Frequencies of Translocations in No SCA Samples With Different Genotypes
To further confirm the association of significant SNPs (rs20551/rs132788/rs1805388) with SCA, FISH was used to detect the radiation-induced chromosome translocations (the most common SCA) in different genotype peripheral blood lymphocytes (PBLs) from no SCA RPL after 2Gy X-rays.
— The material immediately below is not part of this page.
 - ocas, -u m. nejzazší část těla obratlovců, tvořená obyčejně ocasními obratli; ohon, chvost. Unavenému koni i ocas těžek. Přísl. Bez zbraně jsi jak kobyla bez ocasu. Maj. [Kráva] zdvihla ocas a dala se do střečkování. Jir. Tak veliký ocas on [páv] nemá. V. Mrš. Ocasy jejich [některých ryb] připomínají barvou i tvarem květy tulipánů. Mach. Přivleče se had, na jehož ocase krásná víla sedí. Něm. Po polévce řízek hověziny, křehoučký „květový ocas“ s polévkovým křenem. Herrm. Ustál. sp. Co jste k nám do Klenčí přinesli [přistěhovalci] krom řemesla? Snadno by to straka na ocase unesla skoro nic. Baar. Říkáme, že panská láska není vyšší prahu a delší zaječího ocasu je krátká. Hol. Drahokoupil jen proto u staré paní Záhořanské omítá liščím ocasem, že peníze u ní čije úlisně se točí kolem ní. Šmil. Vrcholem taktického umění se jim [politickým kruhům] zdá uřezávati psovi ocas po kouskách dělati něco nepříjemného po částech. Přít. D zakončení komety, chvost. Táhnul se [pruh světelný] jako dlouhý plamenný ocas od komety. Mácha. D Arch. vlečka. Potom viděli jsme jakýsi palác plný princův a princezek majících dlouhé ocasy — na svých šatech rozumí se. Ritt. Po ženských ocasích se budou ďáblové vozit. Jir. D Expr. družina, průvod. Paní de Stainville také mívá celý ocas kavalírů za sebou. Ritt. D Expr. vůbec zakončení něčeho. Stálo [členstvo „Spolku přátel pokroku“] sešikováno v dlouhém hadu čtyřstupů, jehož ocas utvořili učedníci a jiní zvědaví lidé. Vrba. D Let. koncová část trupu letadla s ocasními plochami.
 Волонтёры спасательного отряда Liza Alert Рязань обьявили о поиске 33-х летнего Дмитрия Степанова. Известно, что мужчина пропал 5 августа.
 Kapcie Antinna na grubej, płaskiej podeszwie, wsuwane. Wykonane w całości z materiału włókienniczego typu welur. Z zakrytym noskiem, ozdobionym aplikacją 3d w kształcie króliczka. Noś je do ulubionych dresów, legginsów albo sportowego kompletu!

The result demonstrates the frequencies of radiation-induced chromosome translocations in AG/GG/GG, AA/GT/GG and AA/GG/GA PBLs were significantly higher than that in AA/GG/GG (wild type) PBLs (Figure 3, p = 0.015, p = 0.012, p = 0.007 respectively).
Fluorescence in situ hybridization (FISH) using chromosome 1 probe (green), chromosome 2 probe (red) and chromosome 4 probe (green) (Cytocell, Cambridge, United Kingdom). (A) Representative images of photomicrographs showing FISH painted human chromosome 1, 4 (green) and chromosome 2 (red) in metaphase lymphocytes. No translocation in the upper left image, the upper right showing translocation involving chromosome 1 (arrow), the bottom left showing translocation involving chromosome 2 (arrow), the bottom right showing translocation involving chromosome 4 (arrow). (B) Analysis of the frequency of radiation-induced chromosome translocations in no SCA patients with different genotypes. The statistical analysis chart showing the frequencies of radiation-induced translocations in patients with AG/GG/GG (rs20551), AA/GT/GG (rs132788) and AA/GG/GA (rs1805388) genotype were significantly higher than that in AA/GG/GG (wild type) (p = 0.015, p = 0.012, p = 0.007 respectively). The experiments were repeated three times. FISH: fluorescent in situ hybridization; SCA: structural chromosome abnormality.
Discussion
In the present study, the potential association of EP300, XRCC6, LIG4, XRCC4, PRKDC, and DCLRE1C genes polymorphisms with structural chromosome abnormality (SCA) has been investigated by targeted whole-exome sequencing for the first time. EP300 rs20551, XRCC6 rs132788, and LIG4 rs1805388 frequencies were statistically significantly different between RPL with SCA and RPL without SCA. Moreover, no SCA peripheral blood lymphocytes (PBLs) with rs20551, rs132788, or rs1805388 locus were more prone to translocation after radiation. These findings provide evidence that DNA repair related genes polymorphisms could be an important contributor to the risk of SCA.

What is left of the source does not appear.